Pracowałem tam krótko jako informatyk i szczerze to pierwsze miejsce gdzie na tak wymagające stanowisko, "wdrożenie" zaczęło i skończyło się na założeniem konta w AD (na pomoc z okręgu nie masz co liczyć, rzadko odbierają telefony, zwykle wcale) Od czasu zwolnienia się informatyka (który pracował tu od 10 lat) lista zaległości rosła i rosła (Pierwszego dnia byłem, więc pół roku do tyłu). Po zakończeniu bieżących modernizacji i instalacji nowych systemów, gdzie jak wiadomo informatyk jest potrzebny stale na miejscu, po 2 miesiącach dostałem wypowiedzenie bez wskazania powodu (niby niewielkie spóźnienia do pracy były przyczyną oraz okazjonalne opuszczenie budynku na co podczas rozmowy kwalifikacyjnej sam dyrektor przyzwolił). W rzeczywiści większość pilnych spraw została już załatwiona, więc mogli sobie na to pozwolić na szukanie kolejnego jelenia (i oszczędzić pieniądze w czasie szukania kolejnej osoby), który tylko będzie starał się nadrobić zaległości i zdobywał wiedzę a w najmniej spodziewanym momencie dostanie wypowiedzenie, "a mamy coś na niego" więc kolejny. Chyba pan dyrektor za bardzo czuje tęsknotę do przedniej epoki. Mocno odradzam niedoświadczony w pracy w administracji, nigdzie się jeszcze tak nie rozczarowałem poziomem podejścia do nowego pracownika. Z tego co udało mi się zaobserwować (bo feedback tu nie istnieje, nie ta epoka), to za 2 tysiące cebulionów chcą aby latać po całym sądzie w garniturze za kilka stów (oczywiście własnym) i szorować nim podłogi pod biurkami i między serwerami. Poza tym wiekowe sprzęty i chodzi to wszystko ledwo ledwo, ogólnie chaos.
hej wszystkim z tego co wiem to teraz Sąd Rejonowy w Rybniku poszukuje stażysty- pracownika oddziału finansowego w Rybniku, widzę że opinie do tej pory nie były jakieś pozytywne aczkowiek byłby one wstawiane dosyć dawno temu więc mam nadzieję że coś od tamtego czasu się zmieniło oczywiście na lepsze..

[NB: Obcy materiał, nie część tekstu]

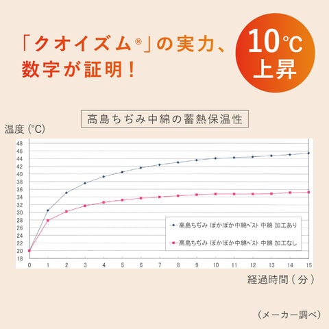 日本の伝統生地「高島ちぢみ」と、岩崎産業の蓄熱発熱中綿「クオイズム」を合わせた、軽くて暖かいベストができました。体温を逃しにくく、メーカー比較データでは一般的な中綿より約10度も暖かい結果が出ています。(メーカー調べ)

Marna płaca, dużo obowiązków i bardzo duża odpowiedzialność. Nie szanują nowego pracownika, nie dają mu szans na rozwój i wymagają szybkości i bezbłędności wykonywania zadań jak od pracownika z 10letnim doświadczeniem. Wystarczy spędzić na korytarzu tego sądu jeden dzień żeby zobaczyć, że pracownicy żyją plotkami, obgadywaniem innych i tajnymi romansami.. porażka. Niby sąd.. ale jak to się mówi, pod latarnią jest najciemniej.